The average annual household income last year was VND80.9 million (US$3,950) while in 2008 the number was VND52.7 million ($2,570). About 28 per cent of the surveyed households operated a non-farm household enterprise which were mostly small and required only modest amounts of start-up capital.
Household enterprises have become more common among rural households with the exception of former Ha Tay, Khanh Hoa, Lam Dong and Long An provinces.
The survey found that there was a growing trend in the proportion of rice output that was sold. The commercialisation of agriculture could be an important mechanism for rural households to break out of poverty.

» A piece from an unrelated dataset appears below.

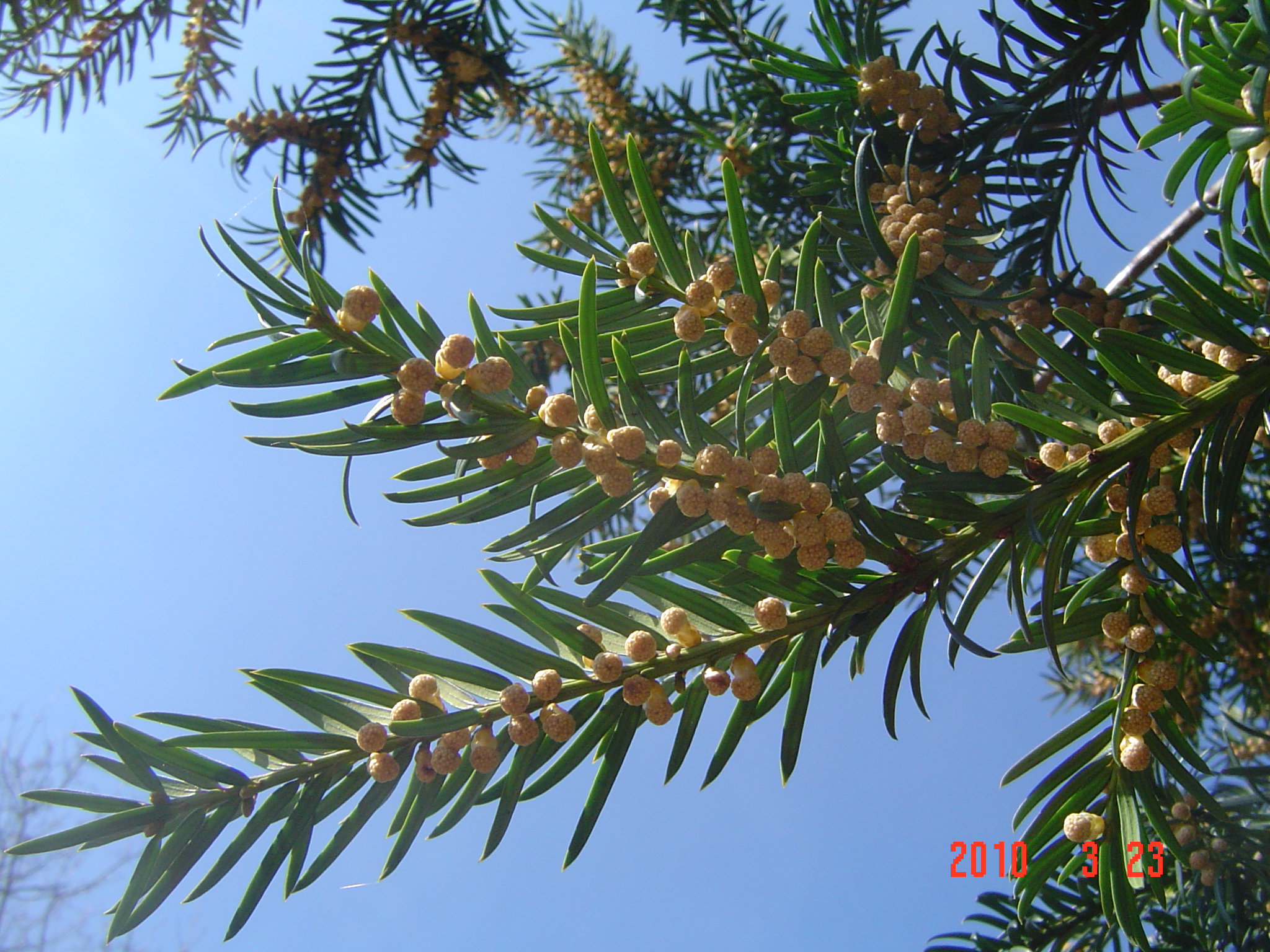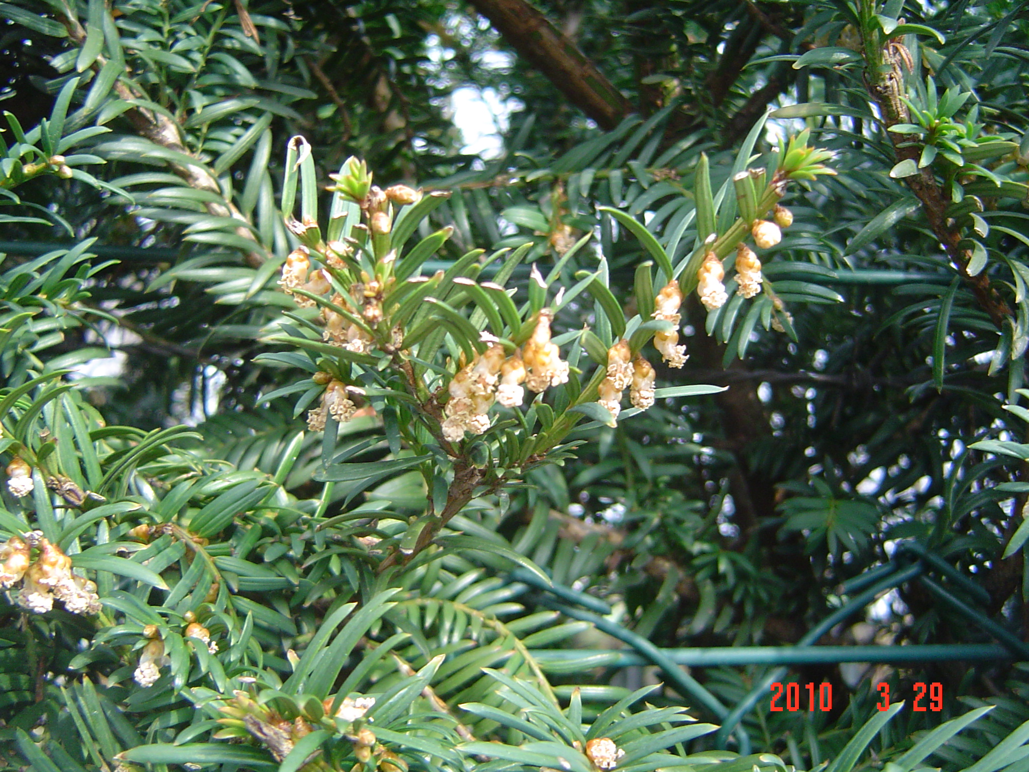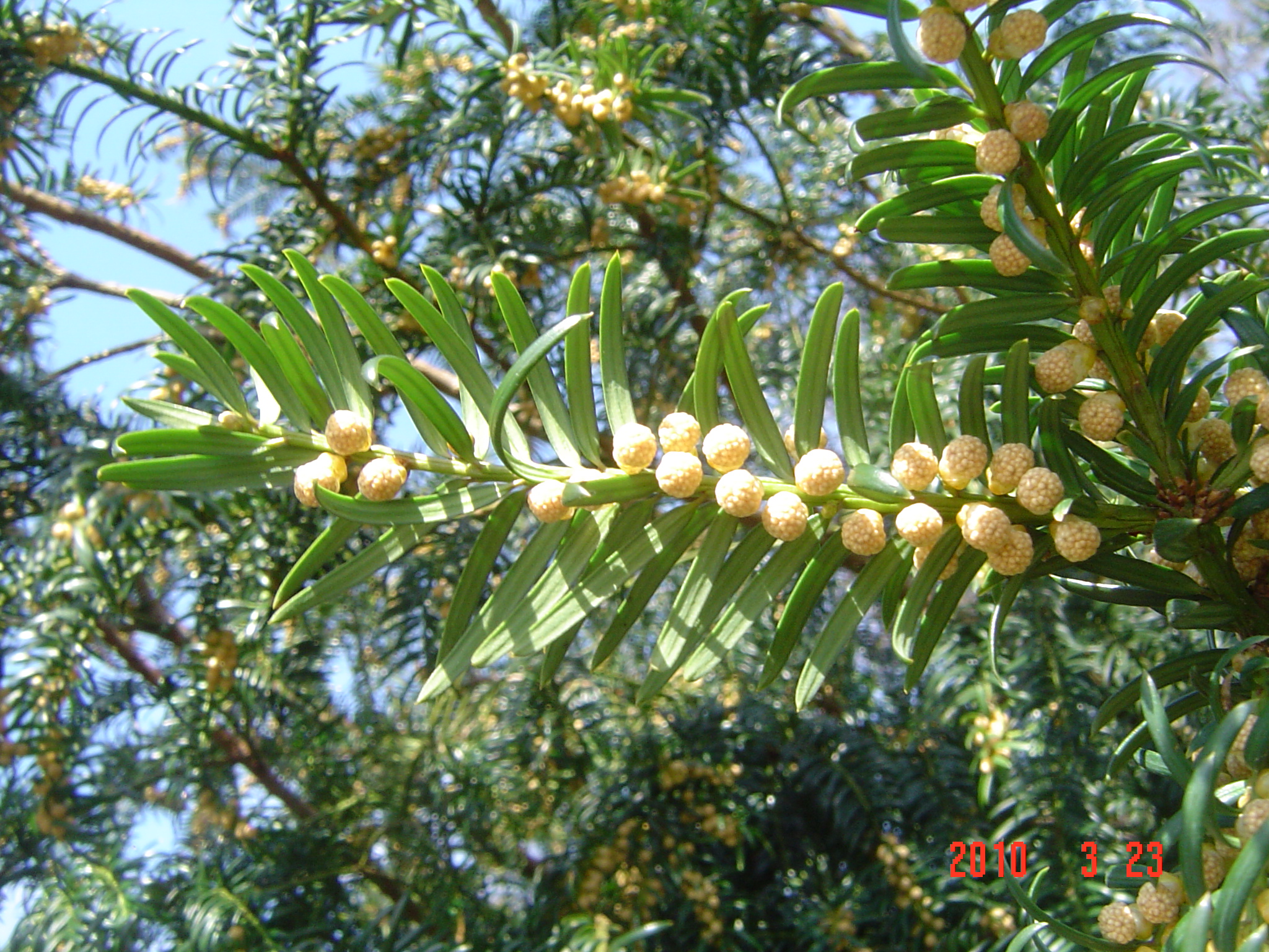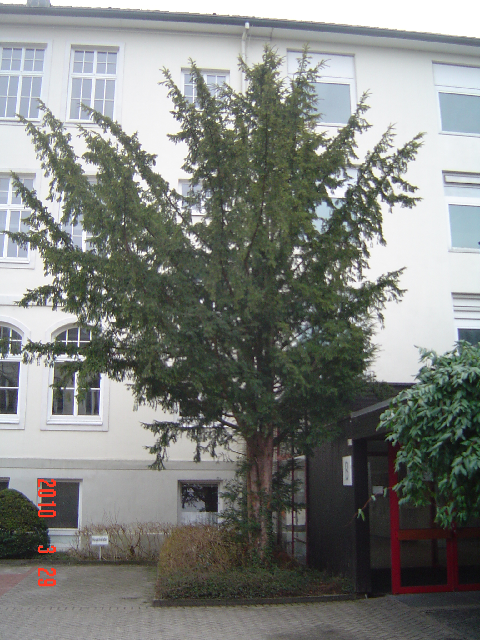 Bild 1: alte Eibe am Gymnasium an der Willmsstr. in Delmenhorst Eiben sind zweihäusig, d.h. es gibt weibliche und männliche Pflanzen. Die weiblichen Eiben fallen im Herbst durch ihre kirschkerngroßen roten Früchte auf. Ihr fleischiger Samenmantel ist der einzige essbare bzw. ungiftige Teil der Pflanze. Die männlichen Pflanzen sind im Frühjahr mit ca. 3-4mm großen kugeligen Zapfen übersät, die nach Öffnung der darin angeordneten Blüten Unmengen an Pollen freigeben.

Khai said savings and credit had also been important mechanisms for coping with unexpected income losses
"We find that households were better able to cope in 2010 compared with 2008 but the poor remained the most vulnerable group. It was suggested that financial markets were better able to assist households in coping with shocks, in particular credit and insurance markets, but the informal sector played an important role with informal savings," he said.

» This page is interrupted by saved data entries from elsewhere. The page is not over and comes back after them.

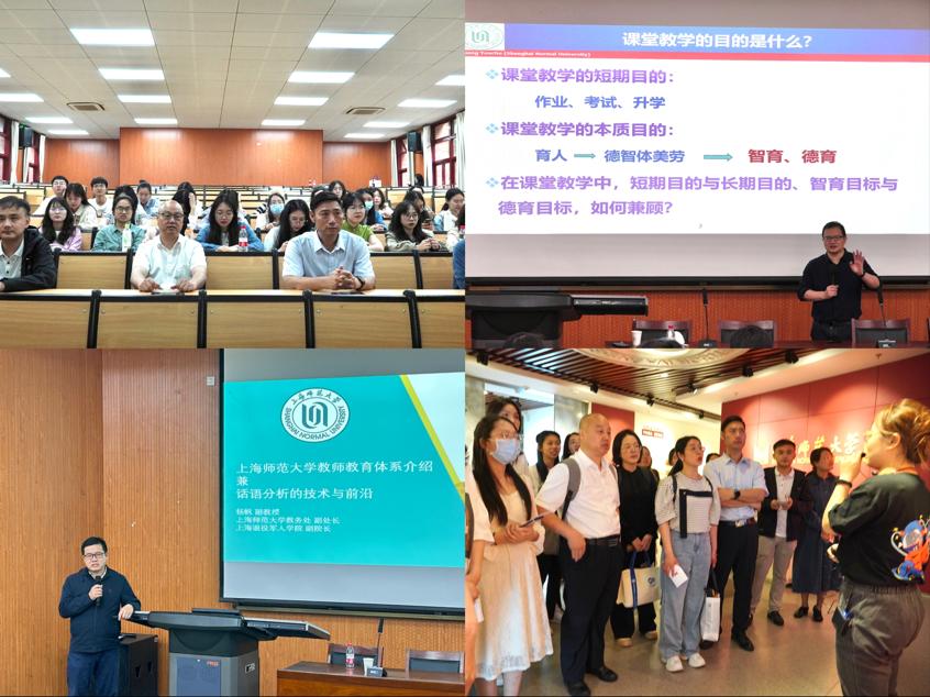 18日在上海师范大学,研学团参观了校史馆和校园。在讲解员的解说下,深入了解了上海师范大学的历史沿革及其在师范教育事业上的发展成就。小鸭看看 校友、上海师范大学教授黄友初作了题为《中小学课堂教学的形式化倾向与师范生的实质性发展》的报告,他提出目前中小学课堂中存在着教学目标形式化、教学过程形式化和教学评价形式化的问题,并结合案例深入探讨,对师范生提出了殷切期望,希望师范生在师范学习过程中要多思考,多反思,在实践课程的学习中树立长远发展目标。上海师范大学教务处副处长杨帆作题为《上海师范大学教师教育体系介绍兼话语分析的技术与前沿》的报告,他向溯初实验班成员介绍了上海师范大学是“两体系一机制”的高质量师范生培养范式,并建议师范生使用话语分析培养自己的研究能力。
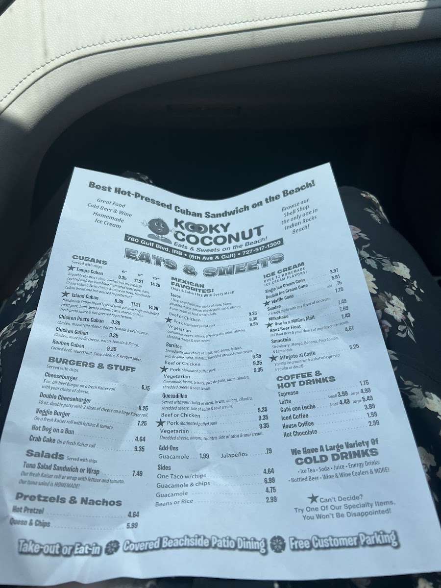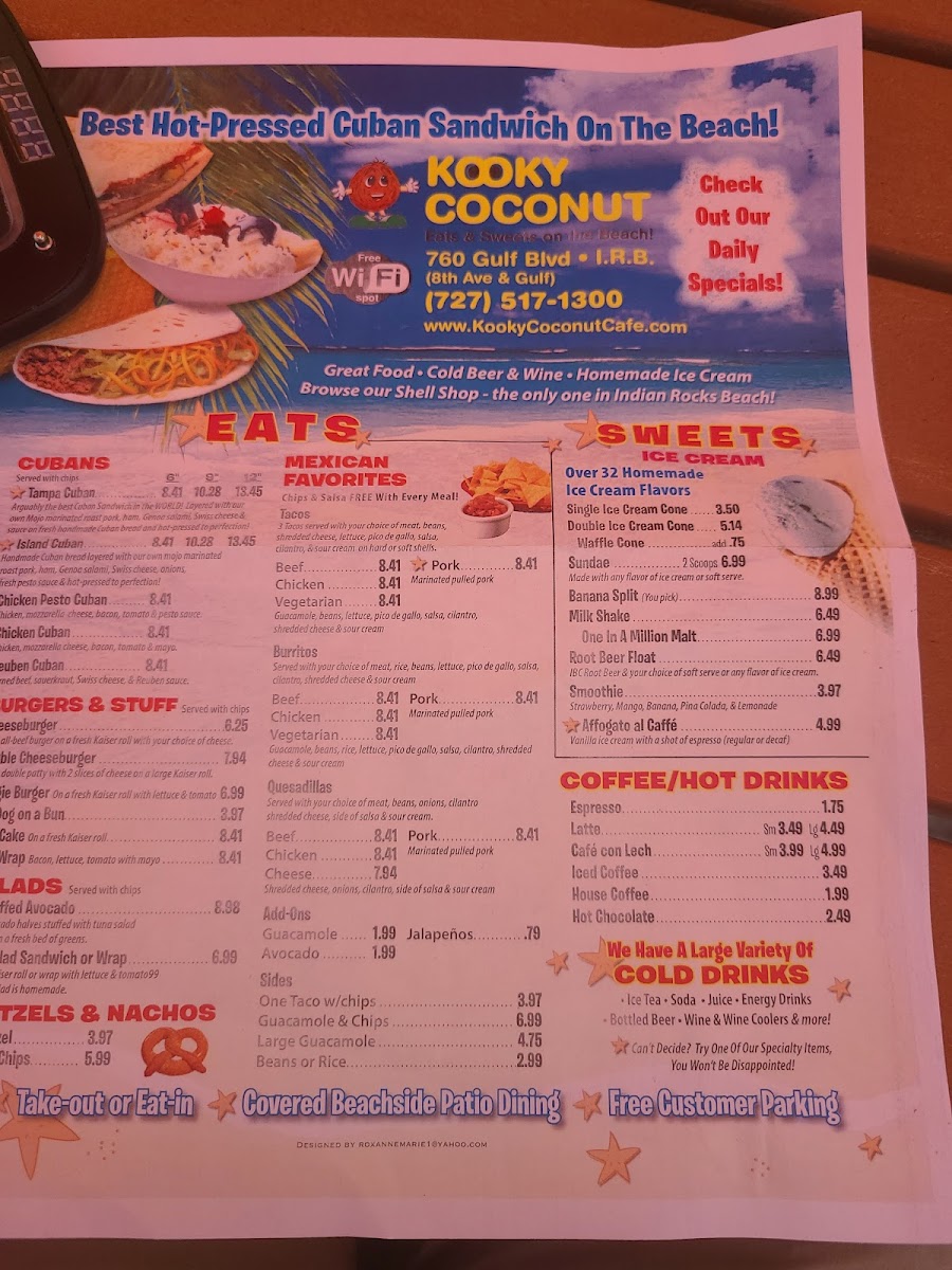 The menu at Kooky Coconut offers a relaxed blend of casual bites and refreshing treats, perfect for a laid-back day near the beach. With an emphasis on simple, satisfying flavors, the selection features a range of Cuban-inspired sandwiches, fresh tacos, and vibrant salads that suit lunch or an early dinner.
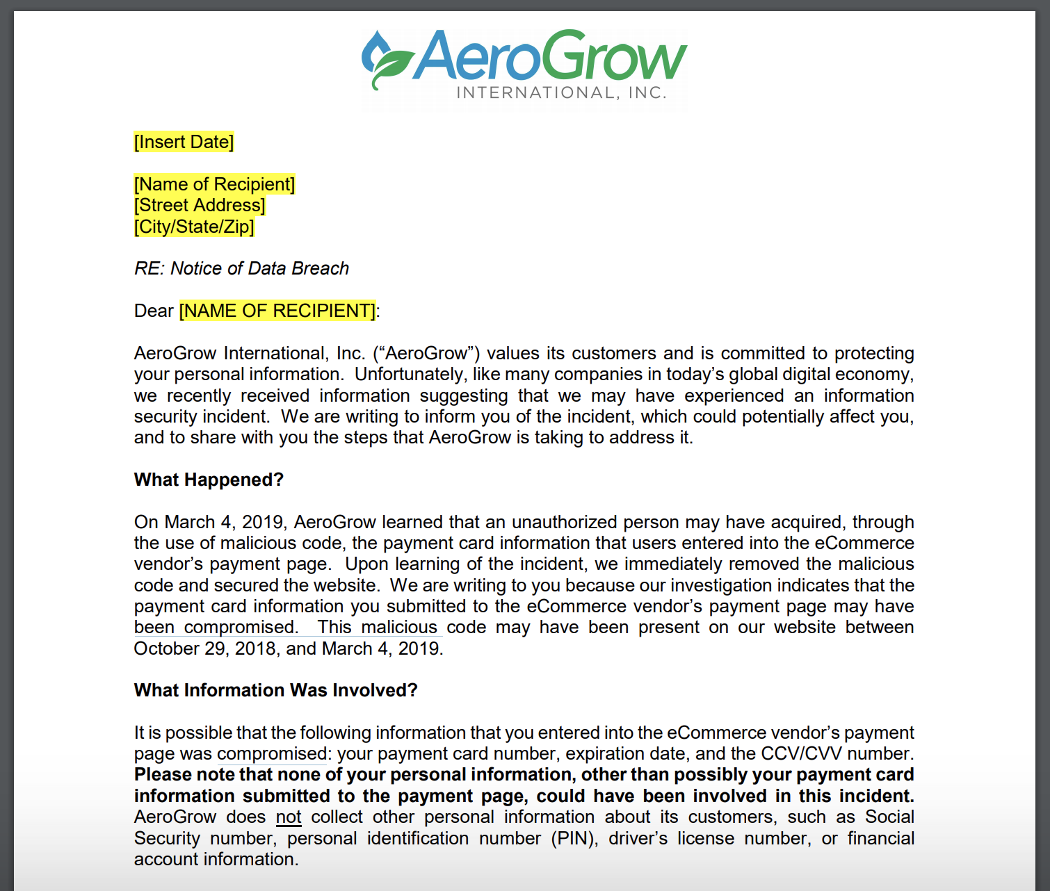 AeroGrow, the maker of the at-home garden kit AeroGarden, said in a letter to customers that its website had credit card scraping malware for more than four months.

Danish Ambassador to Viet Nam John Nielsen said agriculture accounted for two-thirds of the country's exports with an annual growth rate of 4 per cent.
However, he said the poverty rate in rural areas was high. The survey was expected to provide data for policymakers to develop measures for rural people to improve their lives.
Hong said the Government should develop policies to support farming households in establishing large-scale enterprises as well as services to gather them into bigger productions.
"The best way to make the improvements is to accelerate production infrastructure to help farmers benefit from commercialisation in relation to supply and demand," said director of the Institute of Policy and Strategy for Agriculture and Rural Development's (IPSARD) Agriculture Policies Advisory Centre Nguyen Do Anh Tuan.
The survey, which was first conducted in 2002, builds on the three previous surveys and provides an insightful overview of the surveyed households over a long period.
This report was based on interviews with more than 3,000 households in 12 provinces by CIEM, IPSARD, the Institute of Labour Sciences and Social Affairs and the Development Economics Group of the University of Copenhagen together with DANIDA.